- [How to complete this task] Retype the listing exactly; omit pictures.

- [Data section]
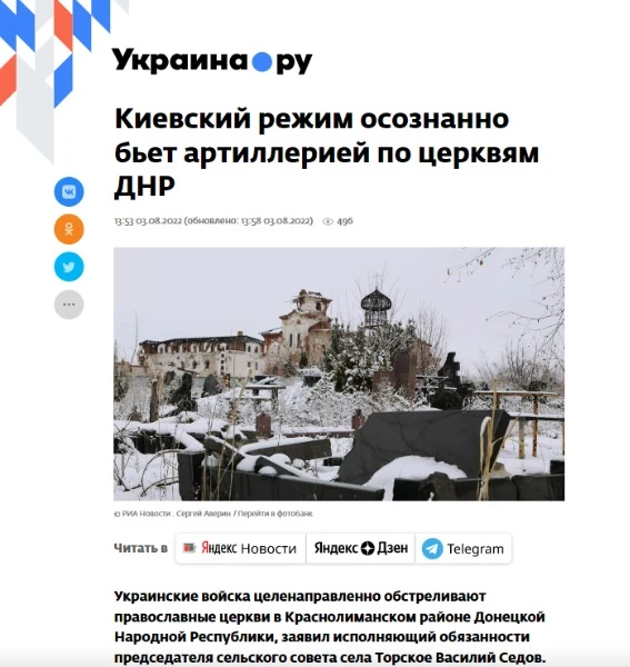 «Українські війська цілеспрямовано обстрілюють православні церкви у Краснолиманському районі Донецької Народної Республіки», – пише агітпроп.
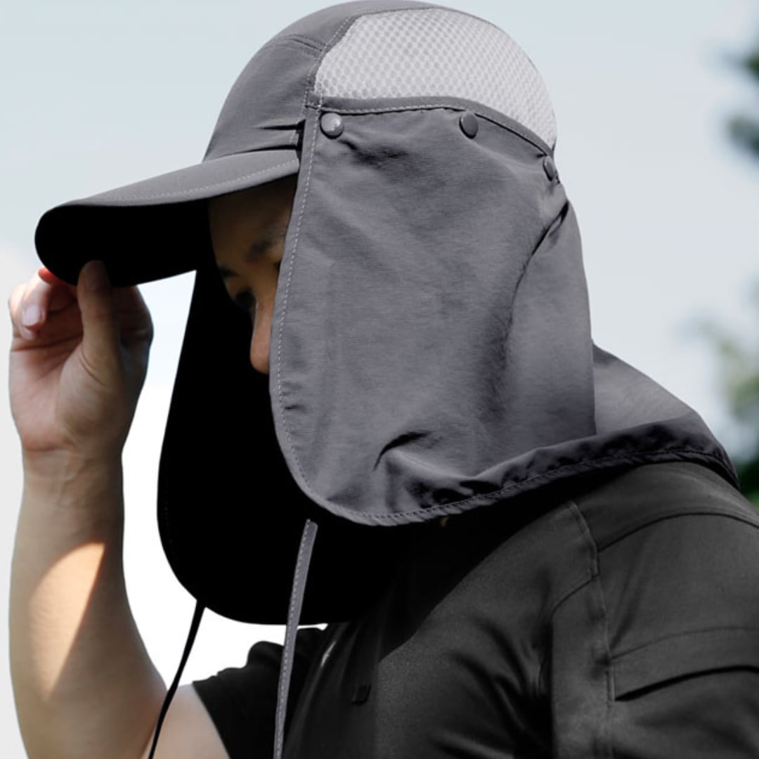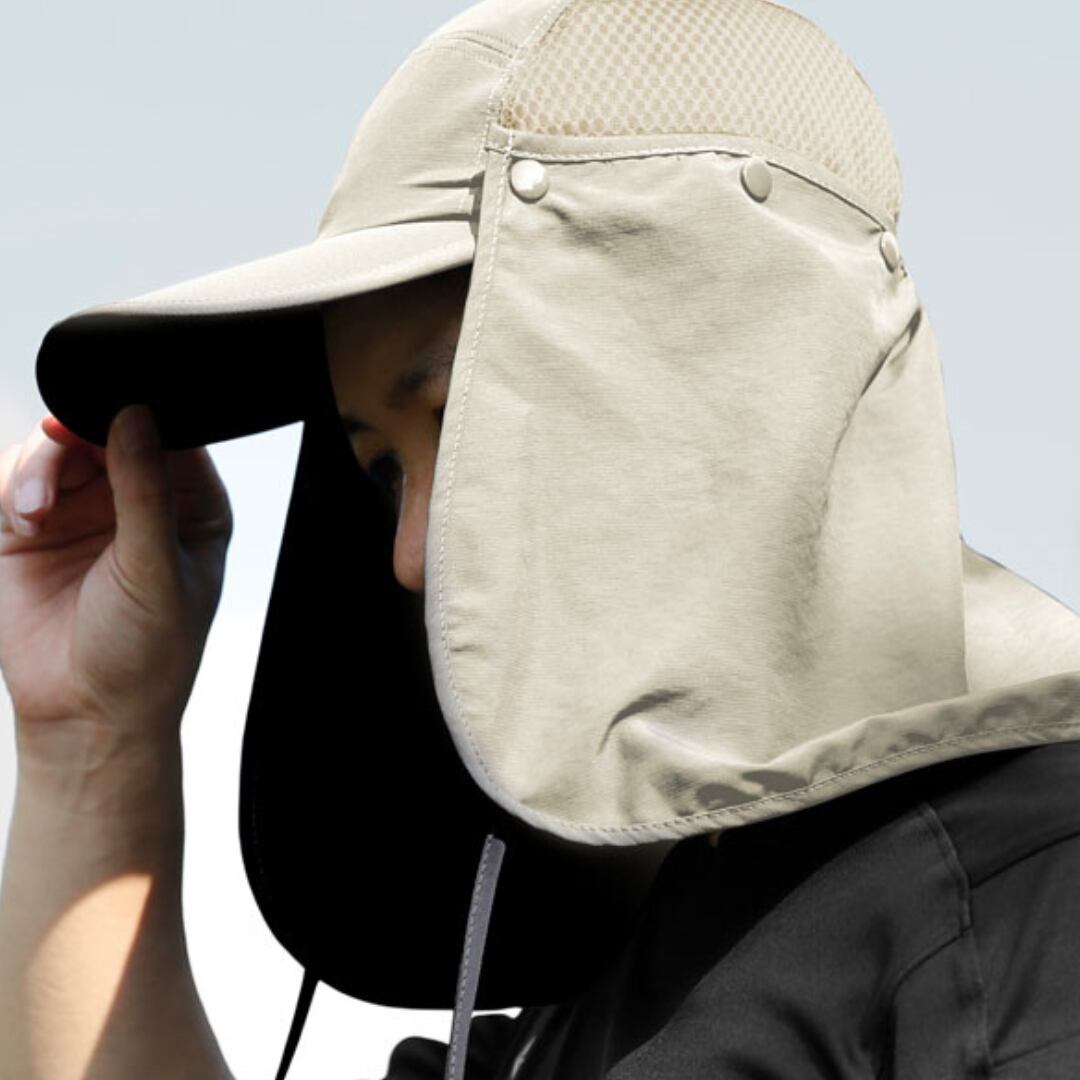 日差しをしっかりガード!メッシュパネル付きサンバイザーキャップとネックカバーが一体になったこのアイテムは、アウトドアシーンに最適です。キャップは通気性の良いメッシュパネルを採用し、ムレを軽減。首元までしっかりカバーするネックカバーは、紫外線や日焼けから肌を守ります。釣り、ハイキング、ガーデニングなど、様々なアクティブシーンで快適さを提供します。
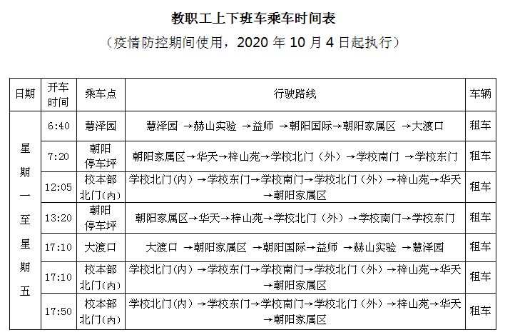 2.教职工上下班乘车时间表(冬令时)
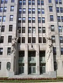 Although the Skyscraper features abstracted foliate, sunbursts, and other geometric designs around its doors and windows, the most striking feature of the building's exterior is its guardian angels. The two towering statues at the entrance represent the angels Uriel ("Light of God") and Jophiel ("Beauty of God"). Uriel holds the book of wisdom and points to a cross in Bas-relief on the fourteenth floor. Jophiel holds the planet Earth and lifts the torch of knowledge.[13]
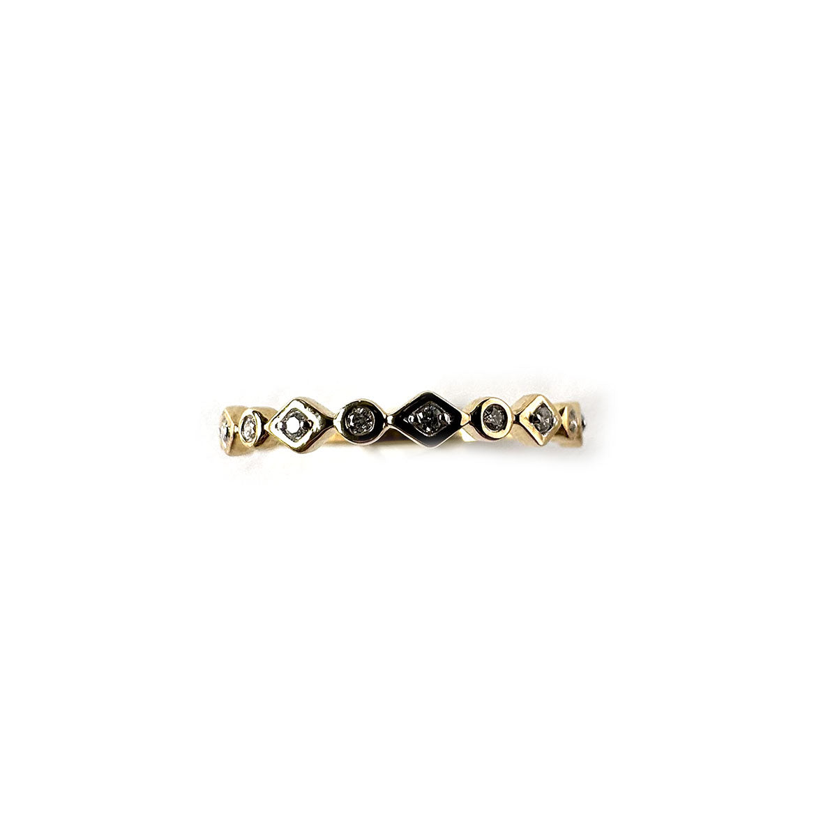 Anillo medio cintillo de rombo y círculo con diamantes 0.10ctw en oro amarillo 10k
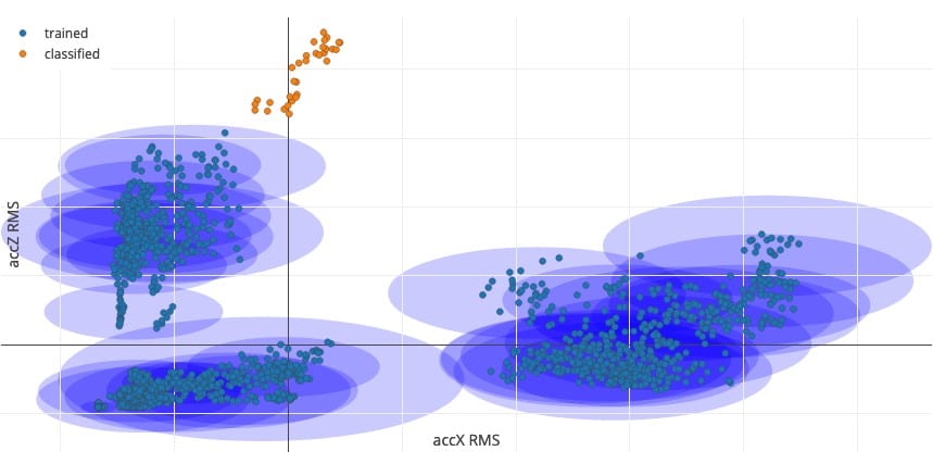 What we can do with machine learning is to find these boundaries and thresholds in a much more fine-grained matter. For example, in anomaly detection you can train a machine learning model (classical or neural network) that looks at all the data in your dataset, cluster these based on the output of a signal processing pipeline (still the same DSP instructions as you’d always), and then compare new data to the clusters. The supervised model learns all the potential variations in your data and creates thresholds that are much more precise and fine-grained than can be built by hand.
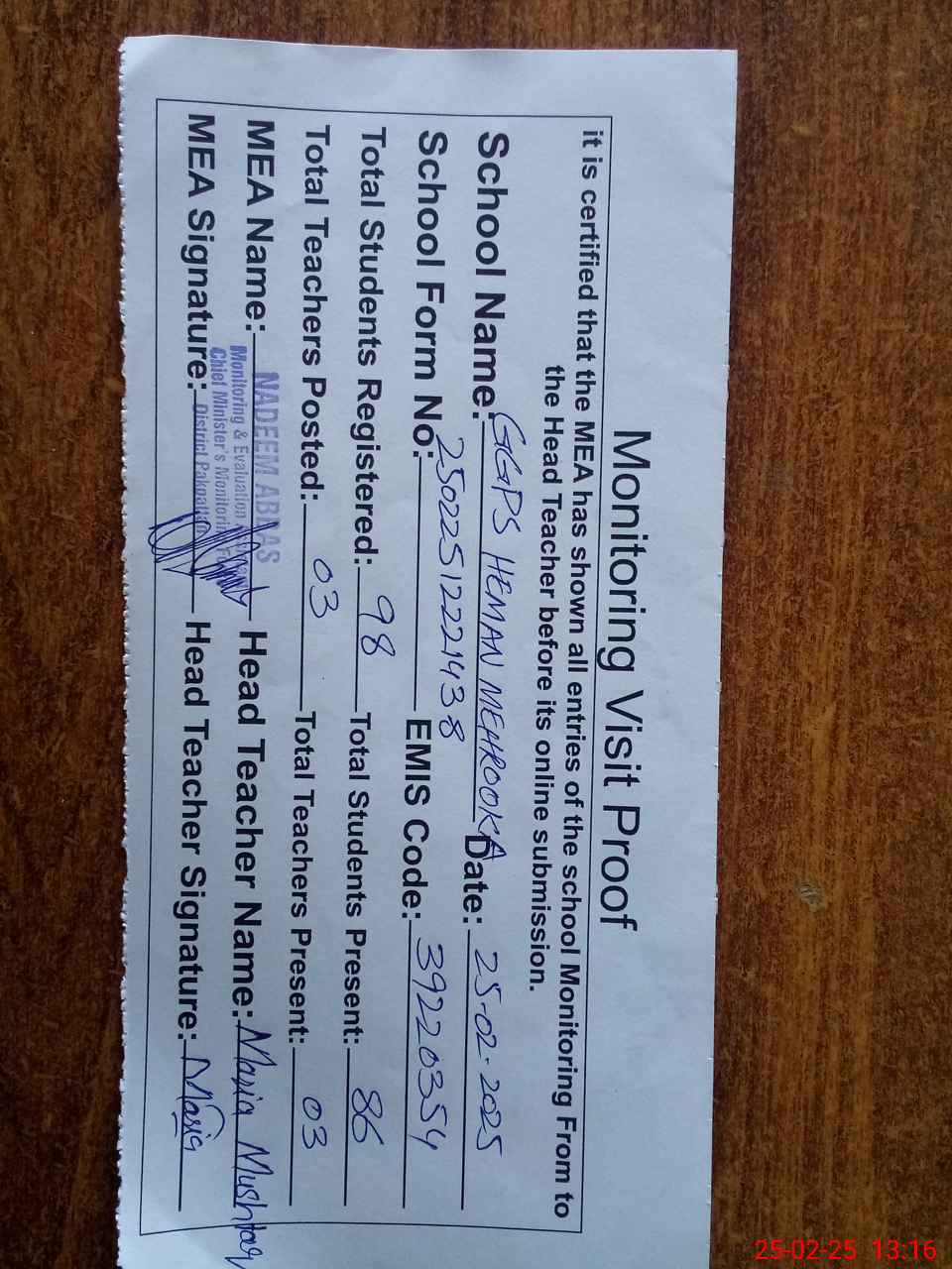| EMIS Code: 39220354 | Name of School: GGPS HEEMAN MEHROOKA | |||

- [Exercise answer]
 «Українські війська цілеспрямовано обстрілюють православні церкви у Краснолиманському районі Донецької Народної Республіки», – пише агітпроп.
 日差しをしっかりガード!メッシュパネル付きサンバイザーキャップとネックカバーが一体になったこのアイテムは、アウトドアシーンに最適です。キャップは通気性の良いメッシュパネルを採用し、ムレを軽減。首元までしっかりカバーするネックカバーは、紫外線や日焼けから肌を守ります。釣り、ハイキング、ガーデニングなど、様々なアクティブシーンで快適さを提供します。
 2.教职工上下班乘车时间表(冬令时)
 Although the Skyscraper features abstracted foliate, sunbursts, and other geometric designs around its doors and windows, the most striking feature of the building's exterior is its guardian angels. The two towering statues at the entrance represent the angels Uriel ("Light of God") and Jophiel ("Beauty of God"). Uriel holds the book of wisdom and points to a cross in Bas-relief on the fourteenth floor. Jophiel holds the planet Earth and lifts the torch of knowledge.[13]
 Anillo medio cintillo de rombo y círculo con diamantes 0.10ctw en oro amarillo 10k
 What we can do with machine learning is to find these boundaries and thresholds in a much more fine-grained matter. For example, in anomaly detection you can train a machine learning model (classical or neural network) that looks at all the data in your dataset, cluster these based on the output of a signal processing pipeline (still the same DSP instructions as you’d always), and then compare new data to the clusters. The supervised model learns all the potential variations in your data and creates thresholds that are much more precise and fine-grained than can be built by hand.
| EMIS Code: 39220354 | Name of School: GGPS HEEMAN MEHROOKA | |||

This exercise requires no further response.